_DATASET ENTRIES:_
------------------------

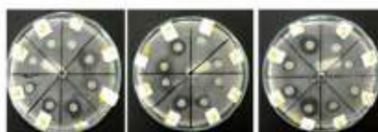
Gambar 1. Hasil uji disc diffusion fraksi terhadap bakteri E. coli

Uji aktivitas antibakteri terhadap bakteri E. coli dilakukan dengan pemberian minyak atsiri tunggal dan kombinasi (Tabel 1). Pada pemberian minyak atsiri tunggal konsentrasi 5%, masoyi memiliki zona jernih lebih besar dibandingkan dengan kayu manis yaitu 0,7 ± 0,11 cm dan 0,67 ± 0,24 cm. Sedangkan pemberian konsentrasi 10%, zona jernih kayu manis lebih besar dibanding masoyi yaitu 0,89 ± 0,24 cm dan 0,7 ± 0,02 cm. Pemberian kombinasi menunjukkan hasil zona jernih yang lebih besar dibanding pemberian tunggal. Urutan zona jernih dari diameter paling kecil yaitu kombinasi minyak atsiri masoyi 5% dan kayu manis 5%, minyak atsiri masoyi 10% dan kayu manis 5%, dan minyak atsiri masoyi 5% dan kayu manis 10% yaitu sebesar 0,82 ± 0,36 cm, 0,98 ± 0,36 cm, dan 1,06 ± 0,15 cm (Gambar 1).
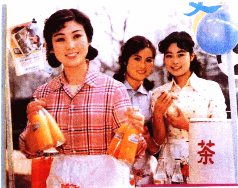
话剧《光明行》温州市文工团演出(1981年)
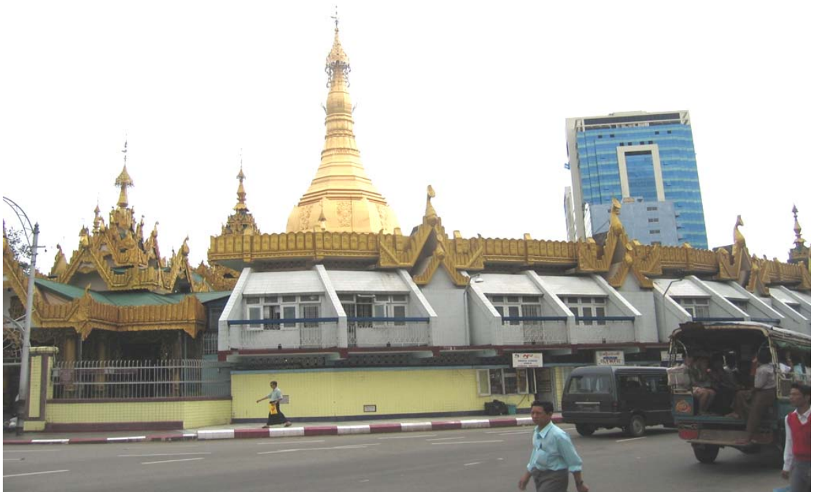
Piazza della Pagoda di Yangoon
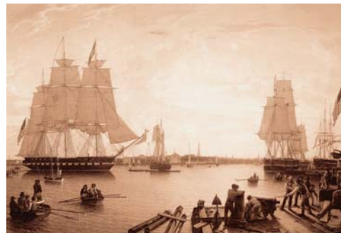
Der Hafen von Boston um 1840
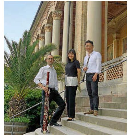
Das Jolivet-Trio in Baden-Baden

Die Kulturgemeinde beabsichtigt, das laut Corona-Verordnung seit 15. Oktober zulässige „2-G-Optionsmodell“ anzuwenden. Danach ist der Zutritt nur immunisierten (also geimpften oder genesenen) Besucherinnen und Besuchern gestattet, die Maskenpflicht entfällt dann (Basisstufe). Die Erhebung der Kontaktdaten (auch über Luca-App möglich) ist gleichwohl erforderlich.
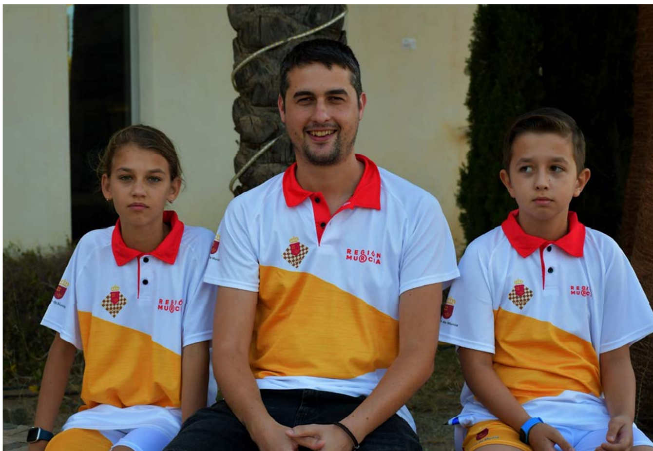
Participantes y delegado Región de Murcia
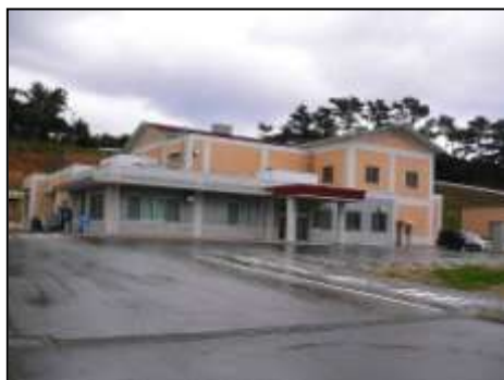
有良汚泥再生処理センター(写真)
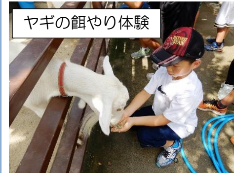
ヤギの餌やり体験
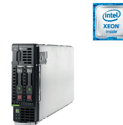
ProLiant BL460c Gen9
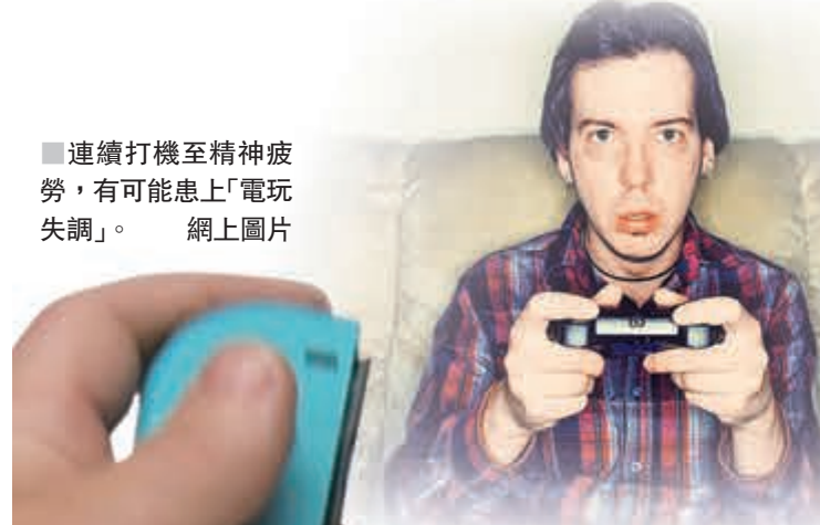
■ 連續打機至精神疲勞，有可能患上「電玩失調」。網上圖片

許多人手機不離手，尤其喜歡玩網上電子遊戲，但也有不少人因此不能自拔導致沉迷。世界衛生組織(WHO)將於明年發表的最新第11版國際疾病分類編碼(ICD)中，將「電玩失調」(Gaming disorder)納入危害精神健康的疾病之一，是首次將電玩成癮行為正式列為精神疾病。若玩家連續打機12小時，便可能患上電玩失調，但需持續觀察逾一年以上才能確診。

------------------------

Word for word, please, restate the lines of the listing from the one holding "ProLiant BL460c Gen9" down to the last line, leaving out any pictures.

ProLiant BL460c Gen9
■ 連續打機至精神疲勞，有可能患上「電玩失調」。網上圖片

許多人手機不離手，尤其喜歡玩網上電子遊戲，但也有不少人因此不能自拔導致沉迷。世界衛生組織(WHO)將於明年發表的最新第11版國際疾病分類編碼(ICD)中，將「電玩失調」(Gaming disorder)納入危害精神健康的疾病之一，是首次將電玩成癮行為正式列為精神疾病。若玩家連續打機12小時，便可能患上電玩失調，但需持續觀察逾一年以上才能確診。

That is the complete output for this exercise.